*Exercise*. Dropping every picture, set down exactly the lines in the entries below, starting with the line with "BARON 花花蜜蜂鈕扣冷衫【現貨| 預計2-3星期派貨" and going on through the line with "Czapka damska zimowa".

*Data shown*.

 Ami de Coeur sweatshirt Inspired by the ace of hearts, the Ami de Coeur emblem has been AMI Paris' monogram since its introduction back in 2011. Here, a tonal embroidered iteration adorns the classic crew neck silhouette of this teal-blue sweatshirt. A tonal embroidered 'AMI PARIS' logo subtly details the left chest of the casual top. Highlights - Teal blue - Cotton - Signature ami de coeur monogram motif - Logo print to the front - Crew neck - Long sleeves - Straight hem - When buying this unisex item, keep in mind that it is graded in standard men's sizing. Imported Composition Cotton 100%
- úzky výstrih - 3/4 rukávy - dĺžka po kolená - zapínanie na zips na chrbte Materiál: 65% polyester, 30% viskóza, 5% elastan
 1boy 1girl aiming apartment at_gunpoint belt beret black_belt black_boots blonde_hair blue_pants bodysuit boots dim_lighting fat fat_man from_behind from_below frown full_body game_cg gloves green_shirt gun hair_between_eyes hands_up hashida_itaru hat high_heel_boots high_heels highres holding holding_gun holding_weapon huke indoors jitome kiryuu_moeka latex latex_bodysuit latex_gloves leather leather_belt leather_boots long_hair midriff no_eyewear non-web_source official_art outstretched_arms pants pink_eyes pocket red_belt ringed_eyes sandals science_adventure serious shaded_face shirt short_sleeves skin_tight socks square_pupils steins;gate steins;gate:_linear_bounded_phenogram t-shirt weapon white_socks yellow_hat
---
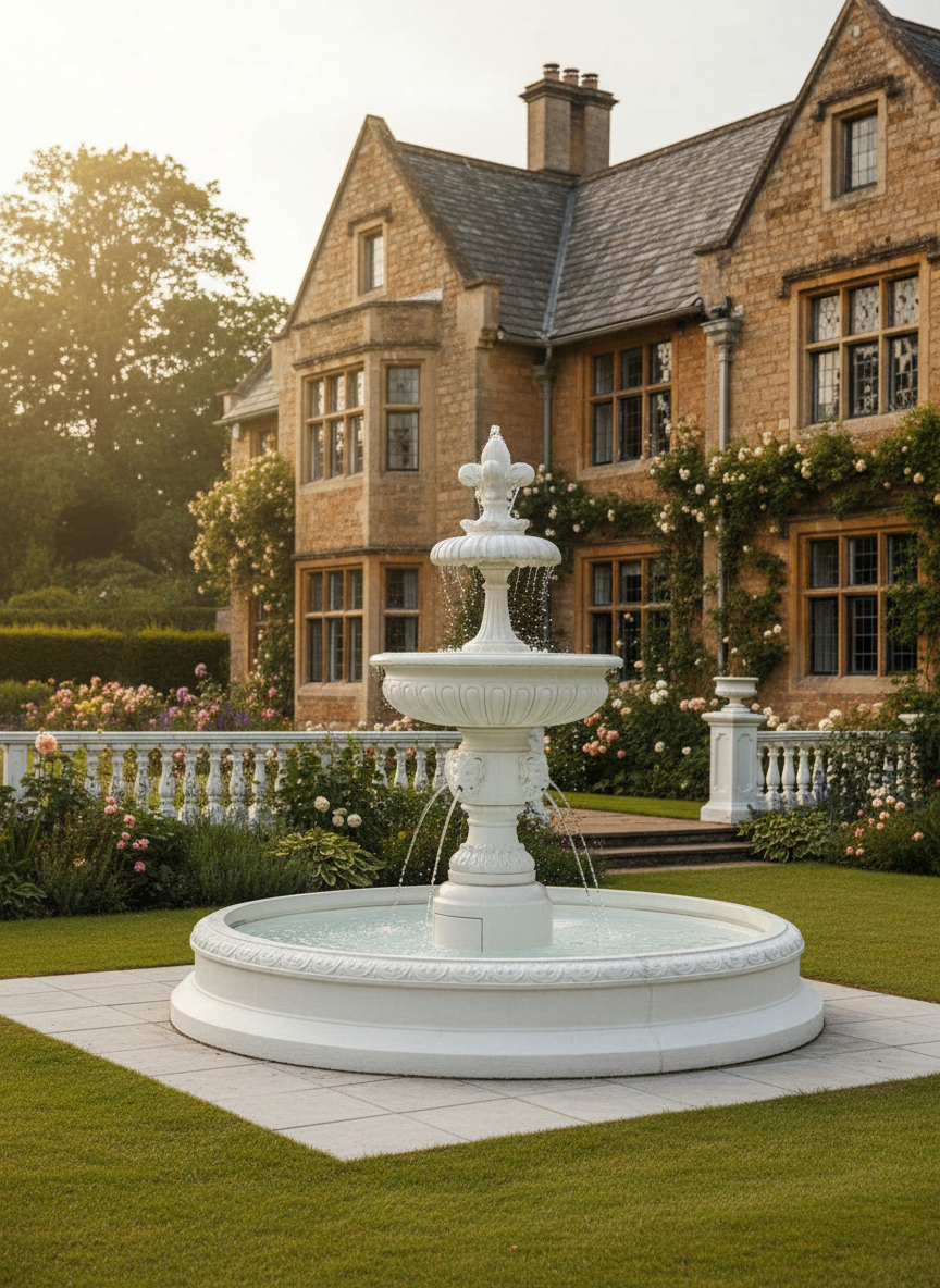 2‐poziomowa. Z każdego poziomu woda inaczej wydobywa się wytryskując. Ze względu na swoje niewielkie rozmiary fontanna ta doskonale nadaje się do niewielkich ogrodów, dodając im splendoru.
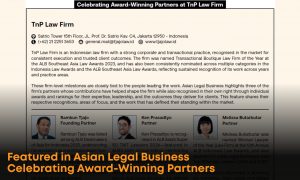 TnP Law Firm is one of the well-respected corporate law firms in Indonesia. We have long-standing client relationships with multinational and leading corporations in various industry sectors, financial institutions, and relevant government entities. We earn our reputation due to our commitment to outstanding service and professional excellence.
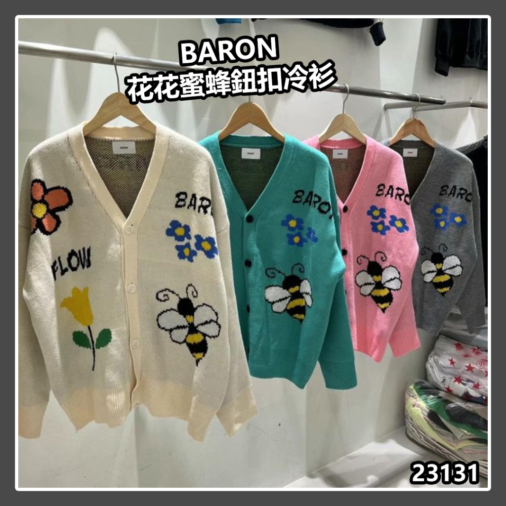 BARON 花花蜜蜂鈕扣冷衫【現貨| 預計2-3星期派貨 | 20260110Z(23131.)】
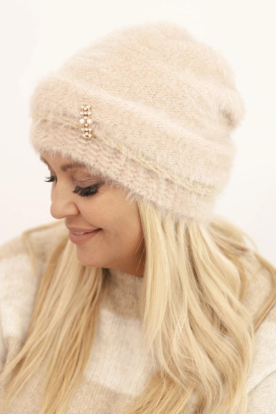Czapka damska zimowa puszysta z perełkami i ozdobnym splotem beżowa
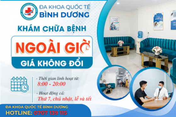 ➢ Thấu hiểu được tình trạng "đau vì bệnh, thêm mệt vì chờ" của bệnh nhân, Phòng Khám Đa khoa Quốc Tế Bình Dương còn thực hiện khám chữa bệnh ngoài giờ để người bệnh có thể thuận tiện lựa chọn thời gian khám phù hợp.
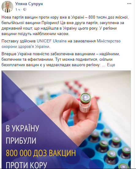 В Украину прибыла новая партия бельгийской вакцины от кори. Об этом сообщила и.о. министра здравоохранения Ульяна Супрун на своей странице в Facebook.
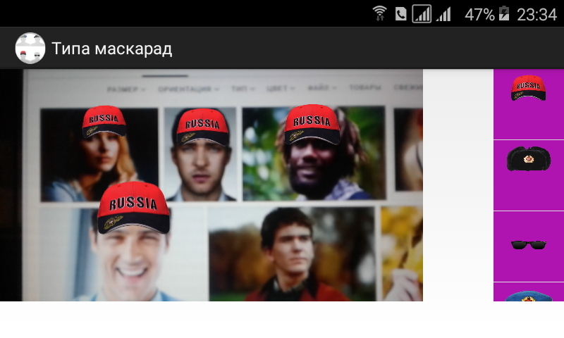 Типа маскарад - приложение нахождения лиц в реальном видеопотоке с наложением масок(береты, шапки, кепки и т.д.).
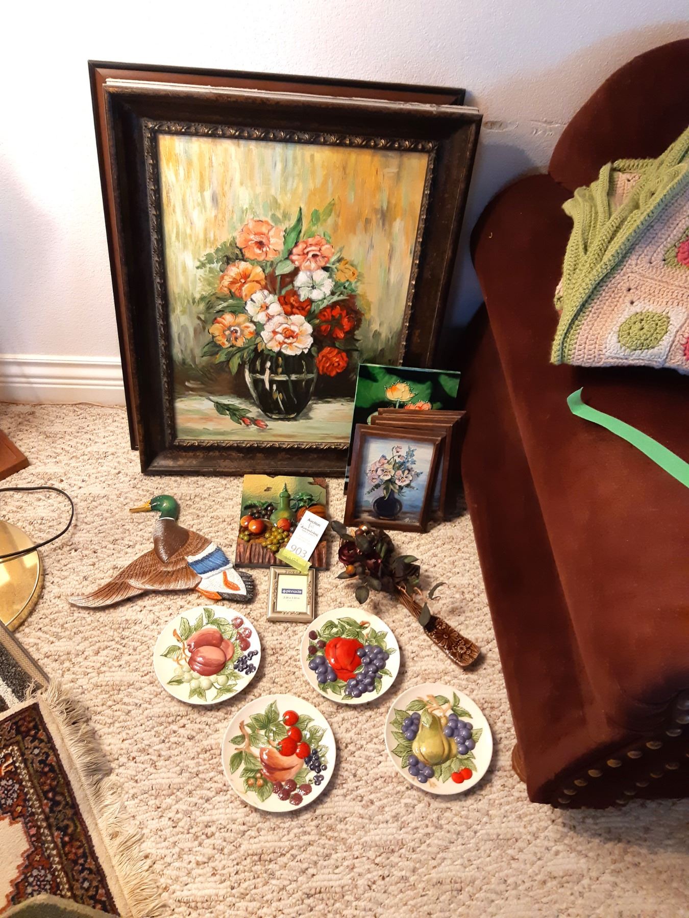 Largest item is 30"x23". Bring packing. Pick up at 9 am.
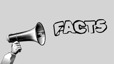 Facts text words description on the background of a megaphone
==
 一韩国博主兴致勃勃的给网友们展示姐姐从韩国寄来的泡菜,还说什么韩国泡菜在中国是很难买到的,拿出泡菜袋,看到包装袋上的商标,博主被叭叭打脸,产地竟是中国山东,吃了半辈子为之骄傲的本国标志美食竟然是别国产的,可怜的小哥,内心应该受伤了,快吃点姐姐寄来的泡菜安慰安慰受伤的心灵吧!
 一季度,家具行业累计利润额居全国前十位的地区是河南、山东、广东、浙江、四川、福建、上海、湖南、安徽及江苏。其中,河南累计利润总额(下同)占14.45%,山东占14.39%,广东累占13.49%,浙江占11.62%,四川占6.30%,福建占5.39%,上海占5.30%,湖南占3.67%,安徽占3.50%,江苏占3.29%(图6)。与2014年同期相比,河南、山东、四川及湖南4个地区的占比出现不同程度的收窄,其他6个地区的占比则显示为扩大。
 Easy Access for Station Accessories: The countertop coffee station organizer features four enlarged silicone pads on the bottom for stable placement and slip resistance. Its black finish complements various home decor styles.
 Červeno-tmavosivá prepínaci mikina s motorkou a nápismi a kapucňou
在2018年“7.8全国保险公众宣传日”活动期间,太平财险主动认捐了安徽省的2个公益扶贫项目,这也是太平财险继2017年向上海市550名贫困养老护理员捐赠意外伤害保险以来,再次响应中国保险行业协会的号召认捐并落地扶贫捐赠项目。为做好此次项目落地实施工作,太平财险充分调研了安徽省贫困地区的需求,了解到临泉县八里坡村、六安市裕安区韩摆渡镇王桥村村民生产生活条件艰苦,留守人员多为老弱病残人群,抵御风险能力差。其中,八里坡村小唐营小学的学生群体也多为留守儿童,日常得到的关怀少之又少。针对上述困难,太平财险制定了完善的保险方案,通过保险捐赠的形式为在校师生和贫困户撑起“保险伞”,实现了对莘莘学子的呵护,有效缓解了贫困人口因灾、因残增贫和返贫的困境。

*Response*.
 BARON 花花蜜蜂鈕扣冷衫【現貨| 預計2-3星期派貨 | 20260110Z(23131.)】
Czapka damska zimowa puszysta z perełkami i ozdobnym splotem beżowa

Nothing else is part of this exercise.